This repository contains the orgxtract package and CLI.
We develop with Pipenv. A guide for setting up a dev environment is on the The Hitchhiker’s Guide to Python.
To run the project Python 3 and a package installer/manager must be installed that can handle pyproject.toml. The following installation steps use Pipenv as example.
Install all dependencies in a virtual environment.
pipenv install -e .
Install the spacy German model.
pipenv run python -m spacy download de_core_news_md
This is a basic example to extract data from the first page of a PDF.
from orgxtract import Document, TextPipeline
import orgxtract.pdf as pdf
# Return the first page of the PDF
drawing = next(pdf.open("examples/orgchart.pdf"))
document = Document.extract(drawing)
# The with statement is only necessary when using threads.
with TextPipeline() as text_pipeline:
texts = document.text_contents.values()
for content in text_pipeline.pipe(texts):
print(content)
This package contains a command line tool. It can be executed by running it as script.
The input can be either a PDF or a directory containing multiple PDFs.
pipenv run python -m orgxtract path/to/input -o path/to/output
Use --help
to see all parameters
The package does use the Python logging module. It is enabled in the CLI and the level can be configured.
We used a subset from the data from these websites.

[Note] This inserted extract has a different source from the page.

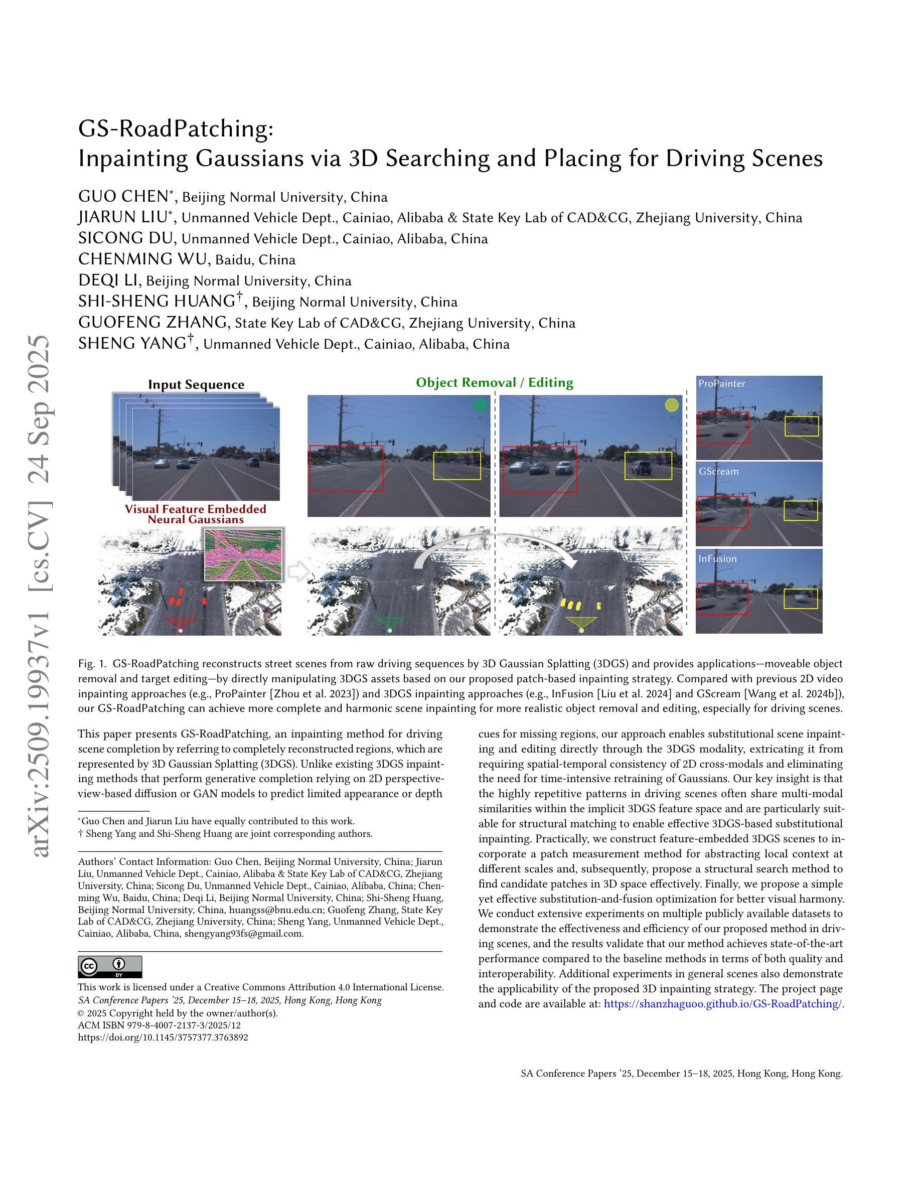 - GS-RoadPatching是一种基于三维高斯喷溅(3DGS)的驾驶场景补全方法。
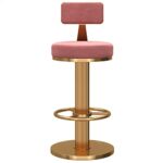 回転スツールは、背もたれ付きで快適な座り心地を提供します。ベルベット生地のシートとゴールドフレームが高級感を演出。高さ調節可能で、キッチンやレセプションに最適なアイテムです。

- https://www.auswaertiges-amt.de/de/service/terminologie/-/215262
- https://de.wikipedia.org/wiki/Besoldungsordnung_B
- https://www.gesetze-im-internet.de/bbesg/anlage_i.html
- https://www.landesrecht-bw.de/bsbw/document/jlr-AmtsbezZusVBWV14Anlage2
- https://www.verwaltungsvorschriften-im-internet.de/bsvwvbund_13022024_D3302001835.htm
- https://www.verwaltungsvorschriften-im-internet.de/bsvwvbund_14092020_D3302001016.htm
- https://de.wikipedia.org/wiki/Bundesministerium_(Deutschland)
The code is licensed under the MIT license. For distribution, the licenses of the dependencies must be consulted.